Maize production in West Africa has experienced significant growth over the years. In addition, maize is becoming increasingly important as a food security crop in the region. Maize accounts for about one-fifth of the calories and protein consumed by households. For countries like Benin, Ghana, Mali and Nigeria, maize is a major source of food and cash for smallholder farmers.
Recurring droughts remain a continuous challenge to its production, hence the introduction and adoption of improved drought tolerant maize varieties have contributed to achieving food security and poverty reduction, as well as enhanced livelihoods. However, to achieve optimum yields from the stress tolerant maize, appropriate and adequate provision of production inputs (such as fertilizers, good quality seeds, and herbicides) are essential.

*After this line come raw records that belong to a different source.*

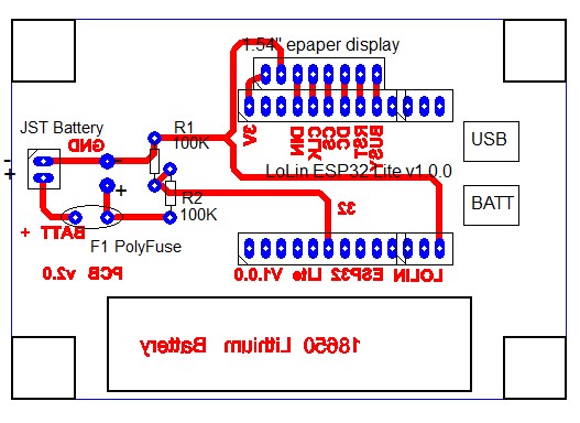 Waveshare 1.54" e-paper display. The PiHut WEMOS LOLIN32 ESP32 Lite V1.0.0. eBay: DKJNA The simple circuit is built around a Wemos ESP32 LoLin32 Lite v1.0.0. It should work equally well with other ESP32 modules but, so far, I've not been successful in getting the e-paper display to work with an ESP8266. The ESP32 is extremely low power when it's in sleep mode so is probably better-suited than the ESP8266 anyway - especially considering there's very little difference in the price these days. The Waveshare 1.54" e-papaer display automatically goes into very low power mode when it's not being refreshed so the entire project should last for months before the battery needs re-charging. Some LoLin ESP32 modules provide access to the battery voltage and even have a dedicated GPIO Pin but, as there's no access to the actual battery connection on the LoLin32 Lite v1.0.0 module, it's not possible to monitor the battery voltage directly from the module. On the PCB layout, below, the 18650 battery plugs into a separate PH2 JST connector. From there, two 100k resistors form a potential divider across the battery with their junction connecting to the LoLin32 modules GPIO Pin 32 in order to monitor the battery voltage. A short jumper lead connects the full 18650 battery voltage to the PH2 connector on the LoLin32 module to make use of the module's on-board low drop-out voltage regulator and to enable the module's built-in charger to charge the battery.
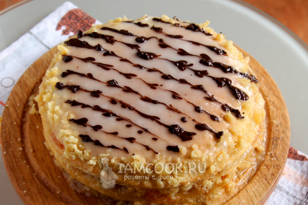 Липкий борт обсыпьте крошкой от коржей, по верхушке с помадкой проведите, например, линии растопленным черным шоколадом. Да, вышло не очень (: Украсьте абрикосовыми дольками из варенья. Для пропитки держите торт в холодильнике 1-2 часа.
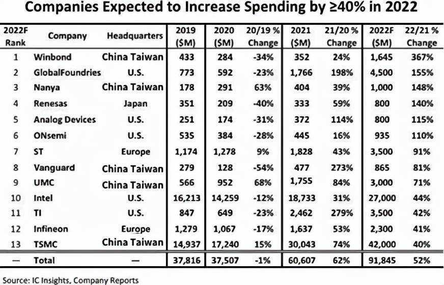 上圖中13家公司的總支出預(yù)計(jì)將是兩年前2020年的近2.5倍。支出的大幅度增長(zhǎng),主要是由于當(dāng)前市場(chǎng)激增的需求導(dǎo)致的供不應(yīng)求,未來(lái)隨著需求的逐步被滿足,未來(lái)半導(dǎo)體公司的支出根據(jù)銷(xiāo)售情況會(huì)進(jìn)行調(diào)整。
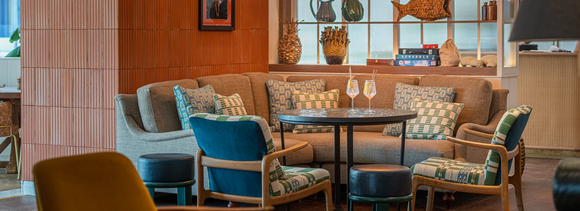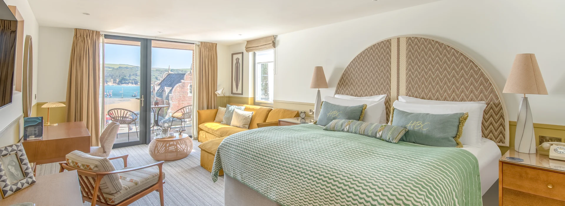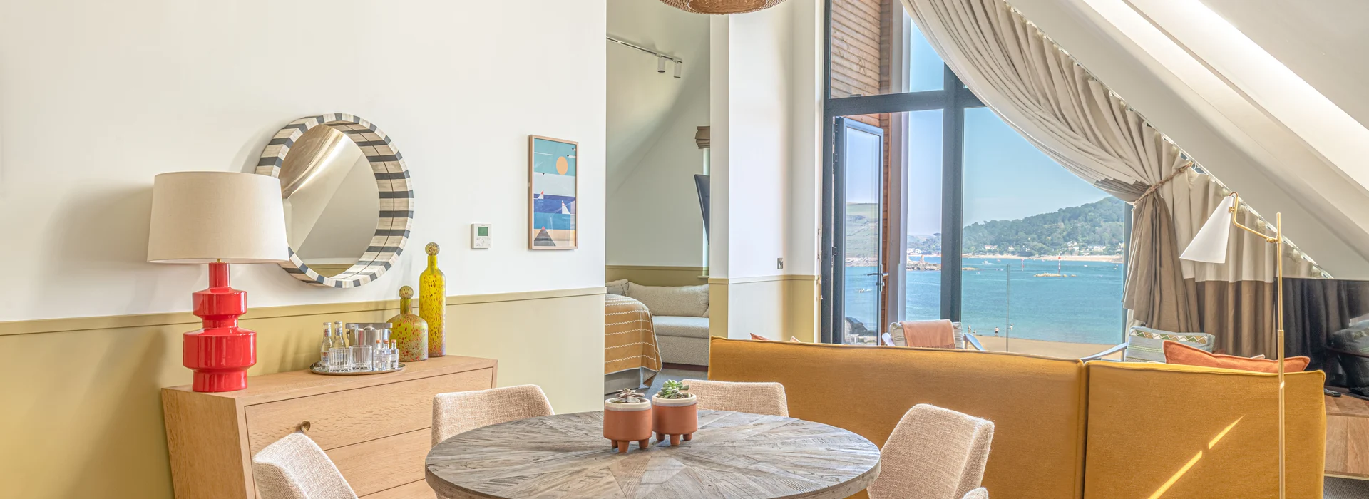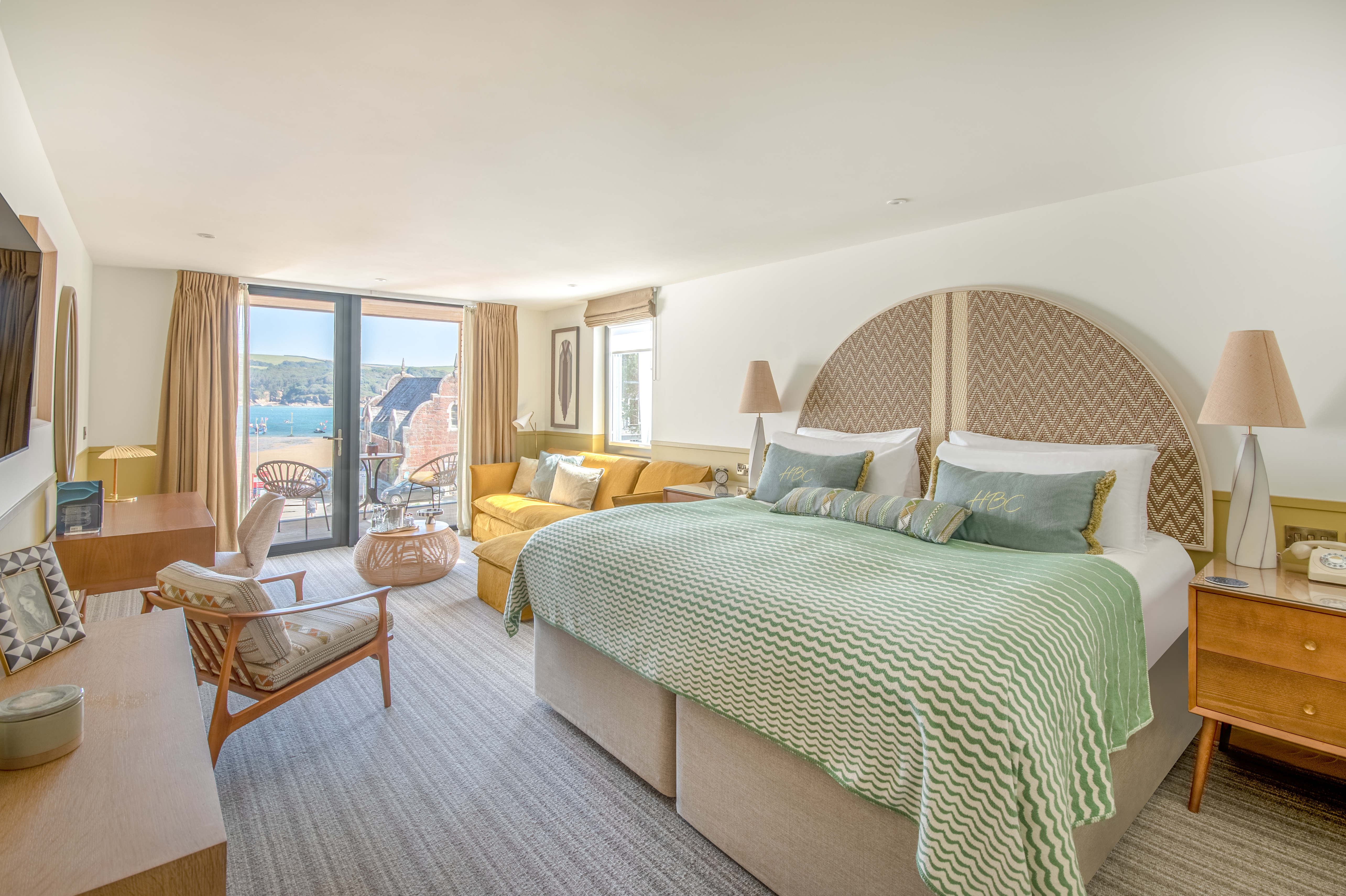 The location was hugely influential. Using colours from the natural surroundings, we wanted different elements of the hotel to reflect its captivating land and sea – Salcombe’s coastal views and rolling countryside are outstanding. We ended up with a colour palette made up of earthy and sienna tones as well as ochre yellows, sea blues and sage greens. The furniture is relaxed and versatile, with tactile materials and soft fabrics ensuring all surfaces feel like an invitation to slow down and recharge. The result is a ‘barefoot luxury’ resort that connects the inside with the outside seamlessly, featuring aspects that work well for both the winter and summer months.
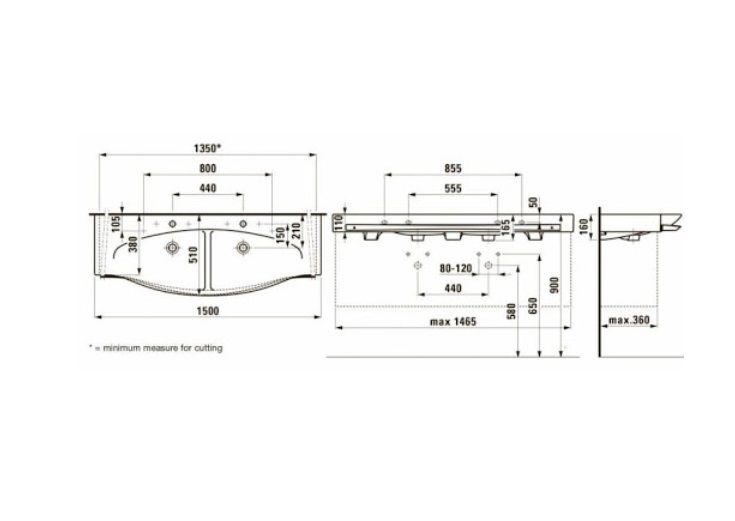 1) Раковина для ванної Laufen Palace 150х51 см з полотенцедержателем білий
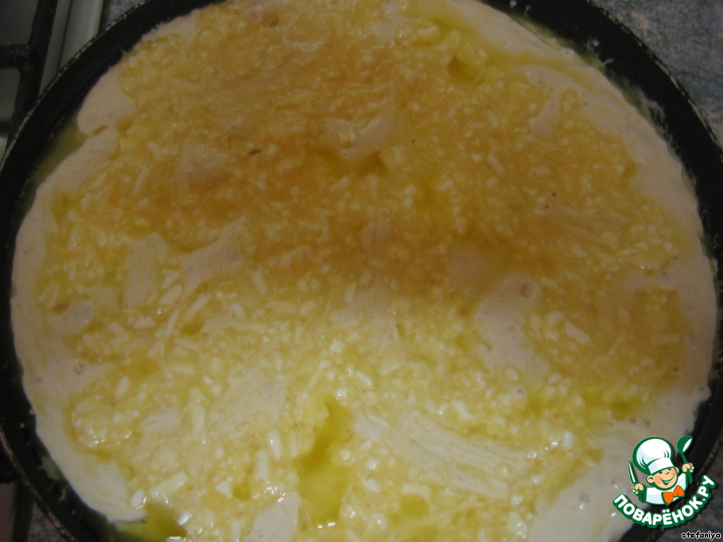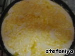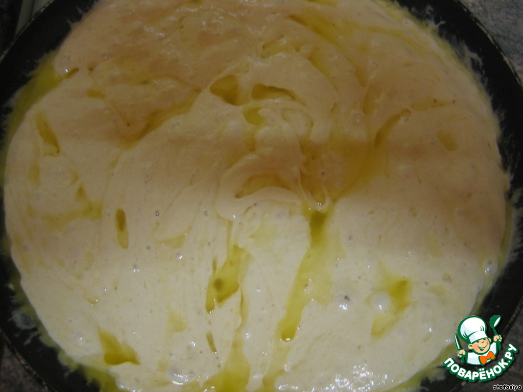 и распределяем эту смесь поверх теста (в идеале "начинка" должна утонуть в тесте ;-) )даём постоять тесту 5-10 мин. (я не давала :-) ..)

Other constraints to maize production in West Africa include diseases , high cost of land preparation, lack of adequate storage facilities and access to extension services, inadequate availability of improved seeds and access to inputs. Inconsistent policies across the region have crippled investments to increase productivity.
Women play special role in cultivation of maize, legumes and vegetables on smaller parcels of land as well as in processing and marketing of farm produce to provide additional income to the household.
In West Africa, STMA will cover Benin, Ghana, Mali, and Nigeria with a key priority to strengthen the seed systems to replace old and obsolete varieties and reduce the use of recycled seeds in all the four countries. The International Institute of Tropical Agriculture (IITA) will coordinate STMA activities in this region.